● GOAL OF THE EXERCISE: Restate exactly the lines of the entries below, beginning with the first and ending with the line that holds "Hamadan Teppich |". Pictures are not copied.

● PROVIDED DATA:
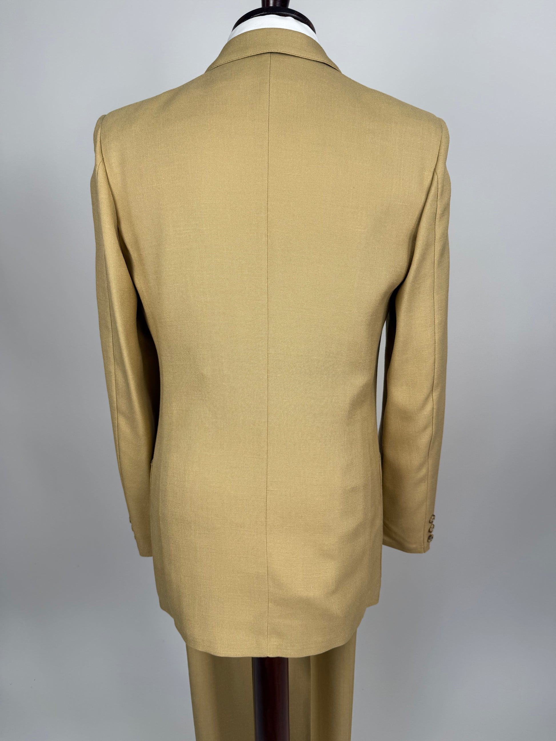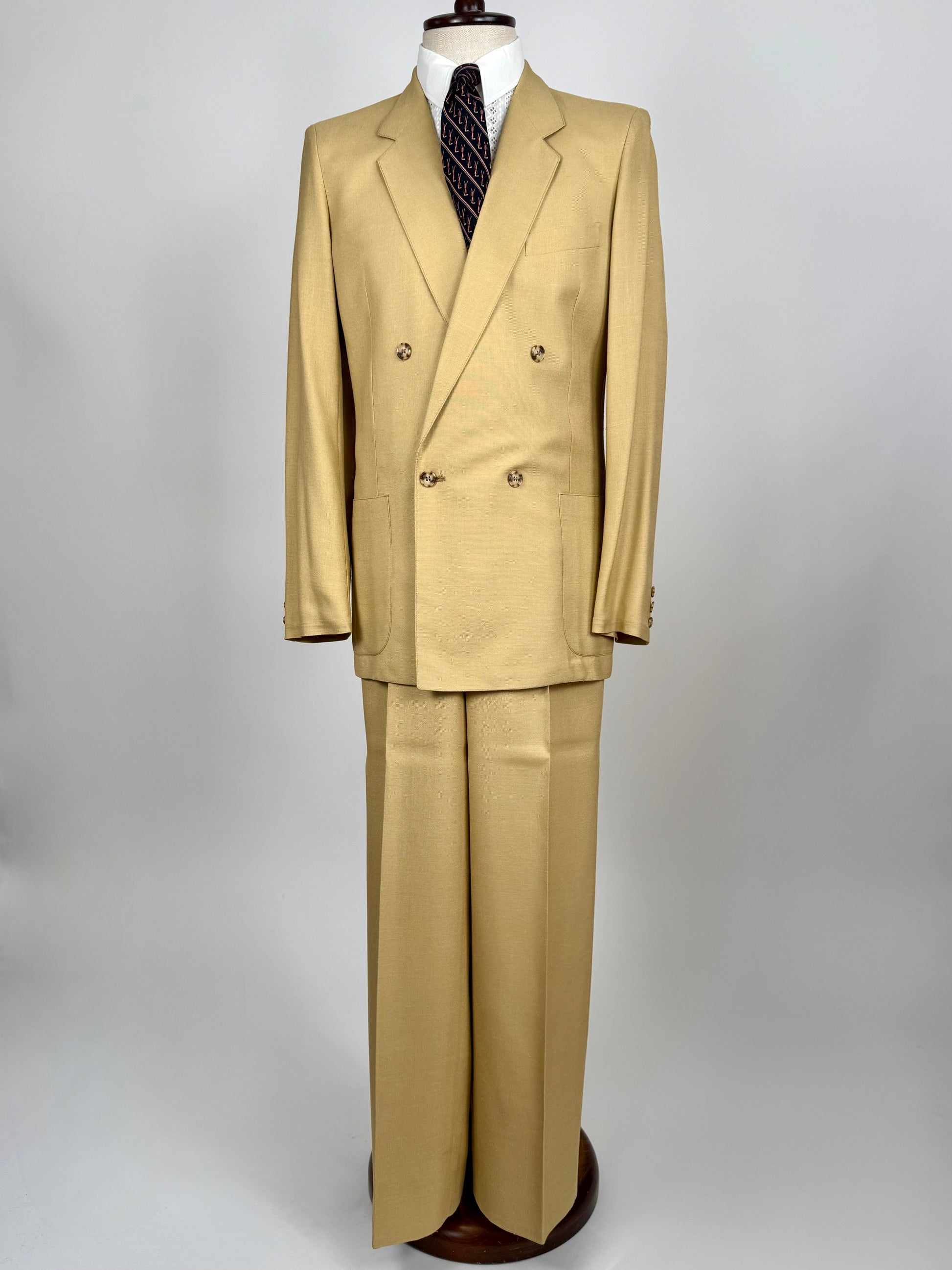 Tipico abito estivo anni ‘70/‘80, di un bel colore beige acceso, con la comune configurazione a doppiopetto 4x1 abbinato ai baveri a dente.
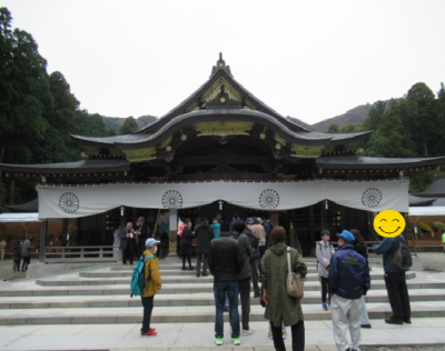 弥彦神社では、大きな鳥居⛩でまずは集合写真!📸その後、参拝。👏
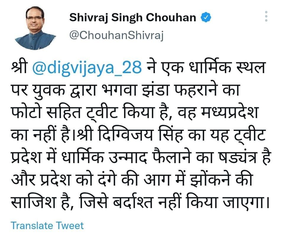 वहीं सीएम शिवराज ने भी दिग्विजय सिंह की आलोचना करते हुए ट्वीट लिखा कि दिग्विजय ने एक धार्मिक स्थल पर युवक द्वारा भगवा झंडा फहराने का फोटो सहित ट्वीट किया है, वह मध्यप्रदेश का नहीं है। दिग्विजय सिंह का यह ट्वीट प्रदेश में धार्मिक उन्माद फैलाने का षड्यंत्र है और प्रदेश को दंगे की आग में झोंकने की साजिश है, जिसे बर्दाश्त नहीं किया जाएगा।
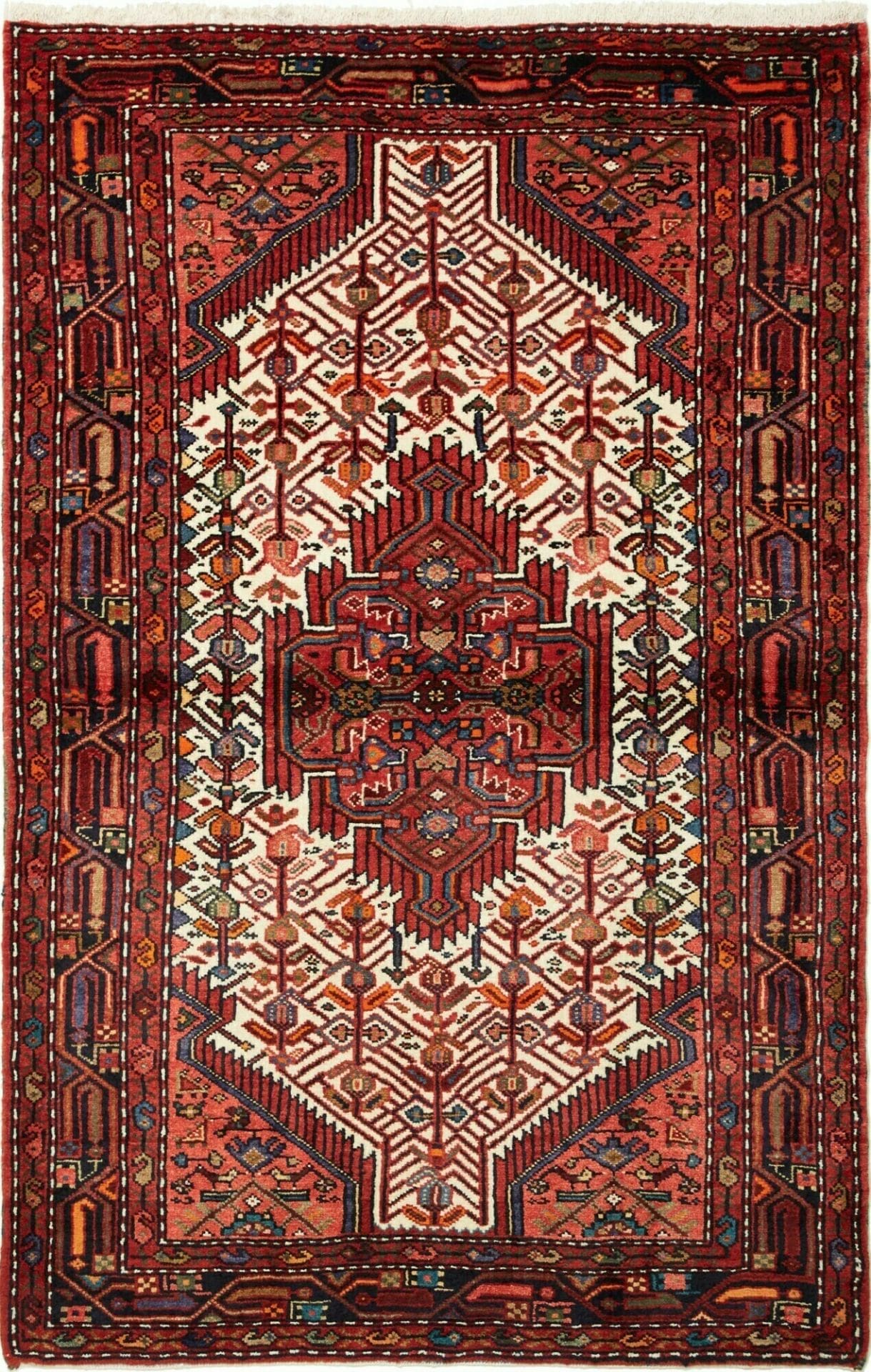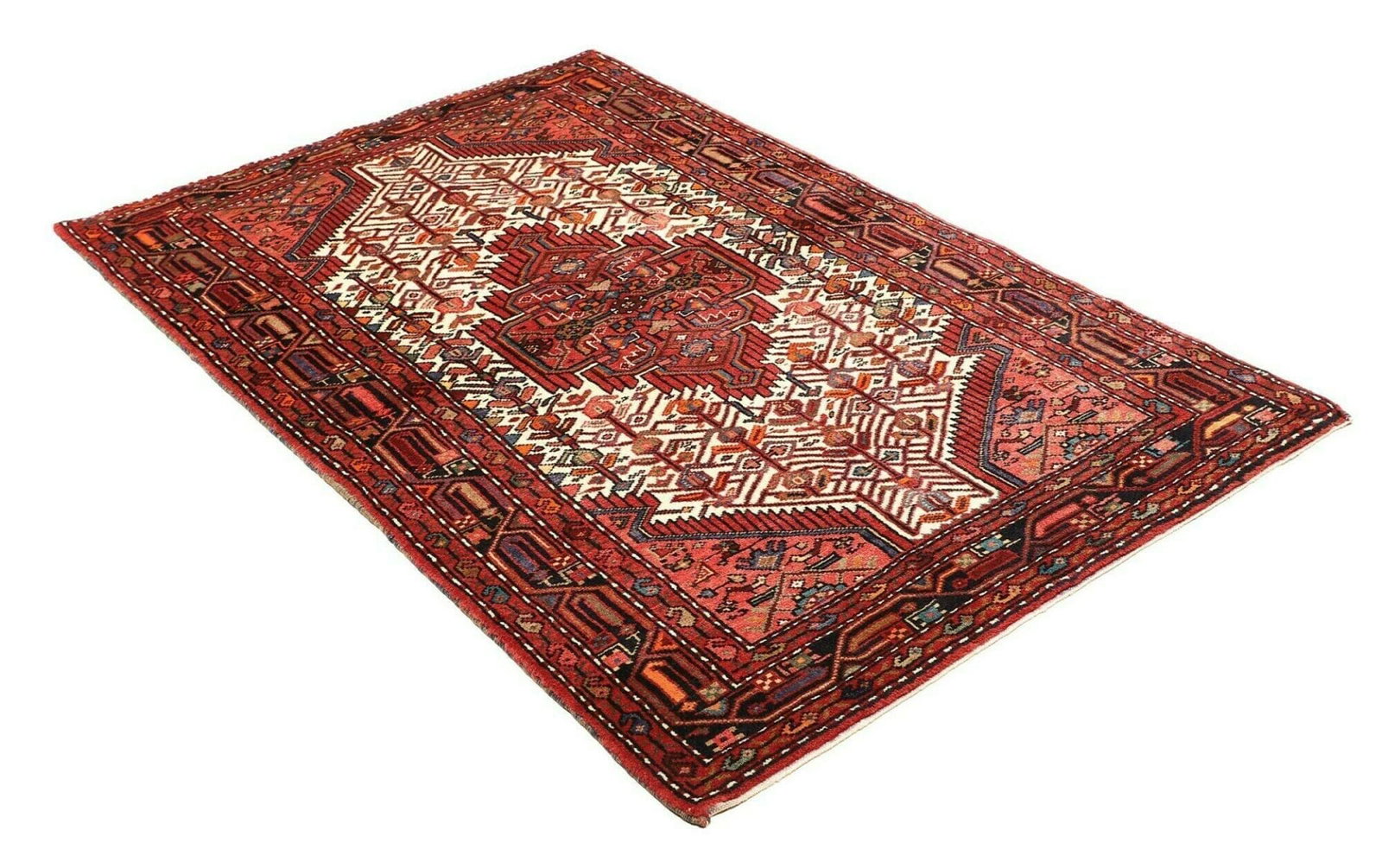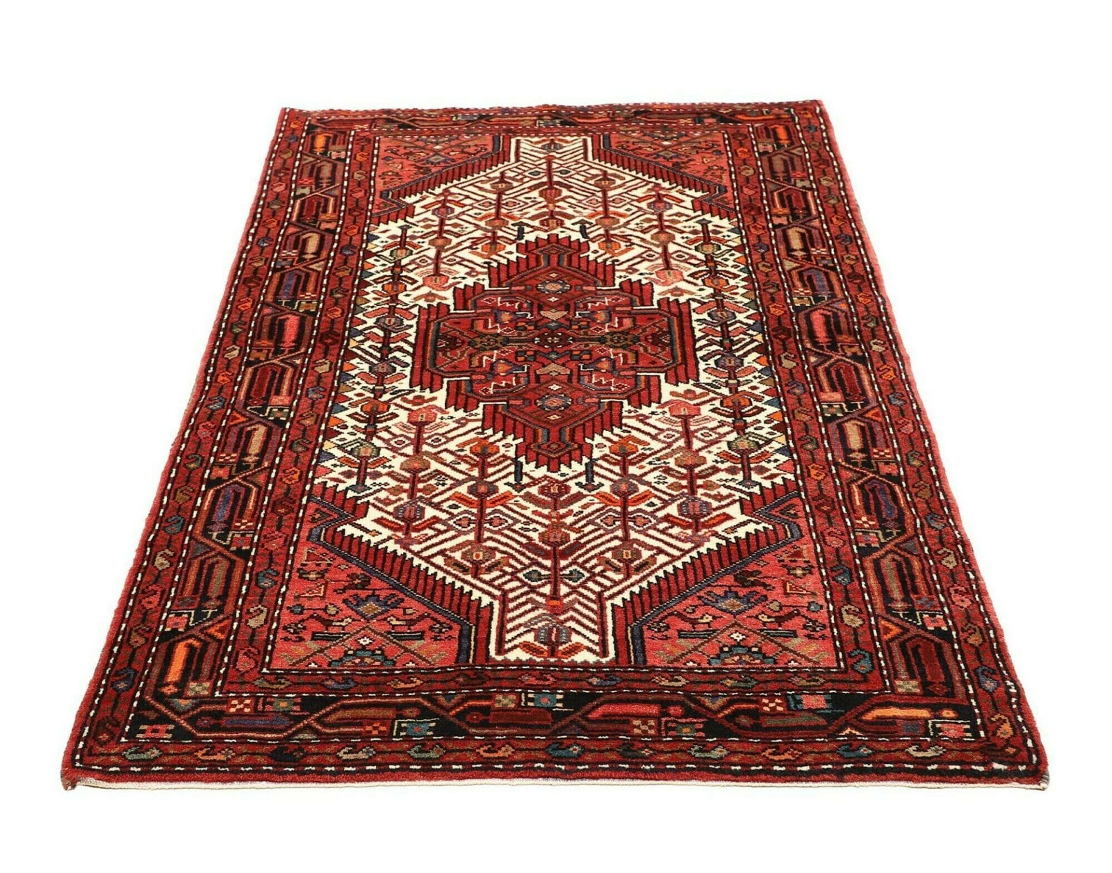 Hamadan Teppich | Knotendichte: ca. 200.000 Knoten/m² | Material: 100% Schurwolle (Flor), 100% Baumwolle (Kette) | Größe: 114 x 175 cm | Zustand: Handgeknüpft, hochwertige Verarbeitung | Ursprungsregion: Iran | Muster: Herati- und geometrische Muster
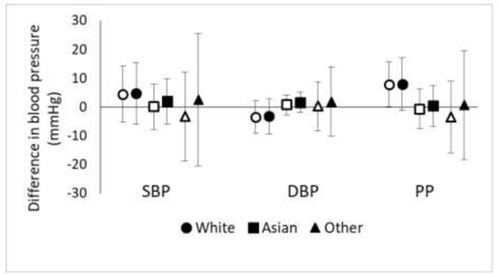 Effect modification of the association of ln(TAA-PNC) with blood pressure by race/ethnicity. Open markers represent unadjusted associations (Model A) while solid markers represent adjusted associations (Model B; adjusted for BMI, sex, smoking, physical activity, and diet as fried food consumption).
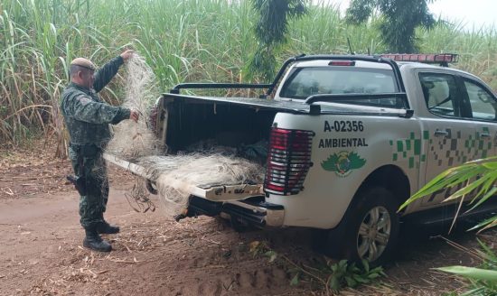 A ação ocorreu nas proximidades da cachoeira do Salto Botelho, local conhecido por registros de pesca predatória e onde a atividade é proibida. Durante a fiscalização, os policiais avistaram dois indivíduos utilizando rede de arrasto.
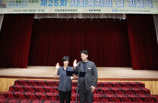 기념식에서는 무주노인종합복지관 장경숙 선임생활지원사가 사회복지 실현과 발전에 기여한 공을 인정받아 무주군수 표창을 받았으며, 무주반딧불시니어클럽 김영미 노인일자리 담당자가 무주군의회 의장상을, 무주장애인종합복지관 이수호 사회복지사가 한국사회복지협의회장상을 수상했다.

● RESULT FOR THIS TASK:
 Tipico abito estivo anni ‘70/‘80, di un bel colore beige acceso, con la comune configurazione a doppiopetto 4x1 abbinato ai baveri a dente.
 弥彦神社では、大きな鳥居⛩でまずは集合写真!📸その後、参拝。👏
 वहीं सीएम शिवराज ने भी दिग्विजय सिंह की आलोचना करते हुए ट्वीट लिखा कि दिग्विजय ने एक धार्मिक स्थल पर युवक द्वारा भगवा झंडा फहराने का फोटो सहित ट्वीट किया है, वह मध्यप्रदेश का नहीं है। दिग्विजय सिंह का यह ट्वीट प्रदेश में धार्मिक उन्माद फैलाने का षड्यंत्र है और प्रदेश को दंगे की आग में झोंकने की साजिश है, जिसे बर्दाश्त नहीं किया जाएगा।
 Hamadan Teppich | Knotendichte: ca. 200.000 Knoten/m² | Material: 100% Schurwolle (Flor), 100% Baumwolle (Kette) | Größe: 114 x 175 cm | Zustand: Handgeknüpft, hochwertige Verarbeitung | Ursprungsregion: Iran | Muster: Herati- und geometrische Muster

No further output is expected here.